Tensorflow : Serving, TensorFlow Lite를 사용하여 클라우드, 서버, 모바일 및 IoT 장치에 손쉽게 배포할 수 있다.
Pytorch : 배포 관점에서 매우 부진했지만(모델 위에 REST API를 빌드해야 했다.), 작년에 TorchServe와 Pytorch Live가 도입되었다.

TensorFlow Serving : TensorFlow 모델을 가정이나 클라우드에 있는 서버에 배포할 때 사용한다. Vertext AI를 통해 Google Cloud와 통합되며 Kubernetes 및 Docker와 통합된다.

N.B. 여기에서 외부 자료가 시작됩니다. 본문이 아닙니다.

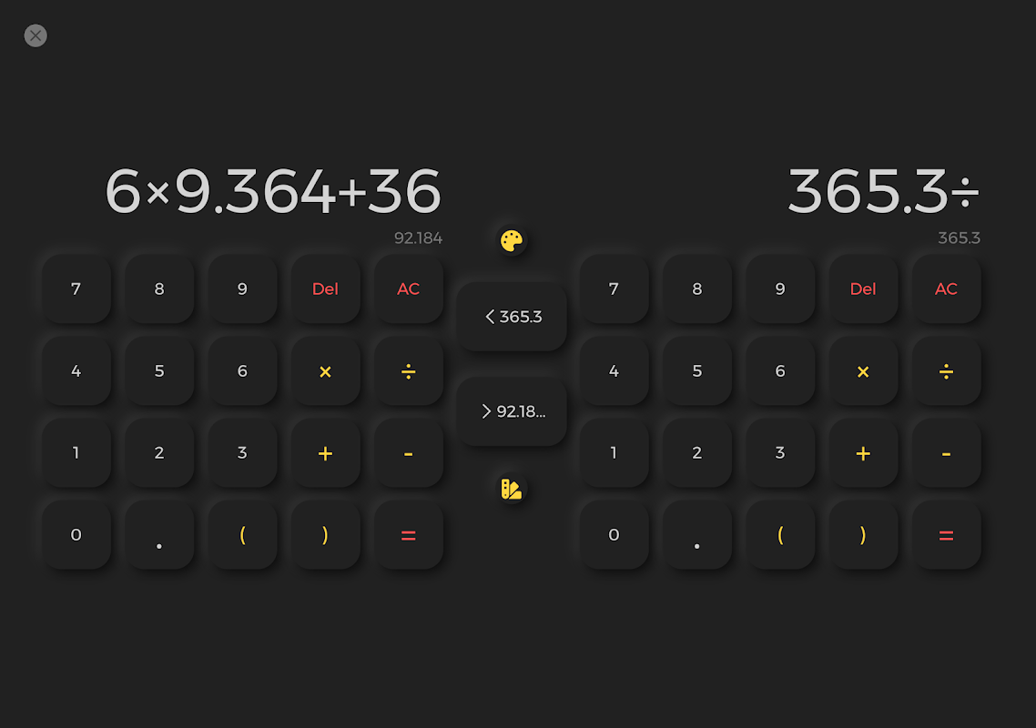 1. Ondersteuning voor het weergeven van twee rekenmachines op één scherm.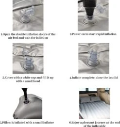 - Goede accessoires en gemakkelijk te reinigen: het opblaasbare autobed is ook uitgerust met een elektrische luchtpomp (aan te sluiten op de sigarettenaansteker) met 3 adapters waarmee je de matras in minder dan 3 minuten kunt opblazen, evenals twee opblaasbare kussens, zodat je comfortabel uit kan rusten tijdens de reis. Een opbergtas is inbegrepen waardoor je hem gemakkelijk kunt dragen zonder je auto te belasten. Gemakkelijk te reinigen, met een handdoek af te vegen.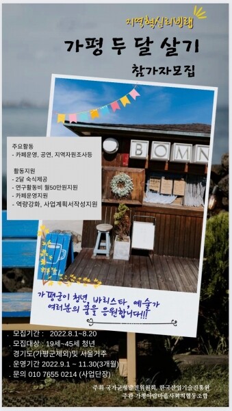 가평군을 제외한 경기도 거주 또는 서울 거주 청년이면 신청할 수 있고 신청 문의는 조합 사업단장 로 하면 된다.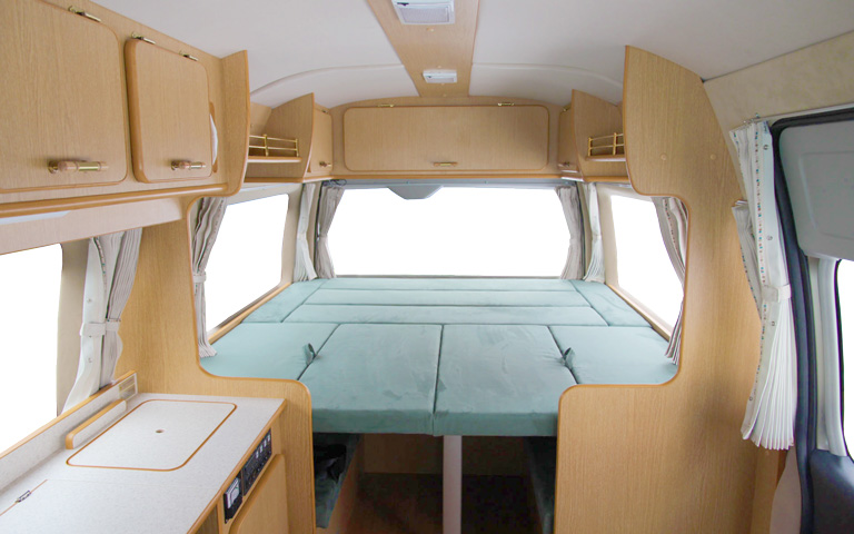 中央のダイネットには、対面式のサードシートを設置。サードシートの背もたれはワン・ツーでベッドシートに早変わり!簡単な作業で長さ1.900mm×幅1.680mmの就寝スペースを確保することができます。

TensorFlow Lite : 모바일, IoT/Embedded device에 TensorFlow 모델을 배포할 대 사용된다. TFLite는 장치에 대한 모델을 압축 및 최적화하여 대기 시간, 연결, 개인 정보 보호, 크기 및 전력 소비와 같은 on-device AI에 대한 제약조건을 해결한다.

TorchServe : AWS와 Facebook(Meta)간의 협업으로 제작한 오픈 소스 배포 프레임워크로, 2020년에 출시되었다. endpoint specification, model 보관, metric 관찰과 같은 기본 기능이 있지만 아직 TensorFlow 대안보다 부족하다. REST 및 gRPC API는 모두 TorchServe에서 지원된다.

PyTorch Live : Android, iOS 및 Linux에 최적화된 기계 학습 모델을 배포하기 위해 2019년에 Pytorch Mobile을 출시하였고, Pytorch Live는 모바일 기반으로 구축하기 위해 최근 출시하였다. Javascript와 React Native를 사용하여 연결된 UI가 있는 크로스 플랫폼 iOS 및 Android AI 기반 앱을 만든다. on-device 추론은 Pytorch Mobile에 의해 수행된다.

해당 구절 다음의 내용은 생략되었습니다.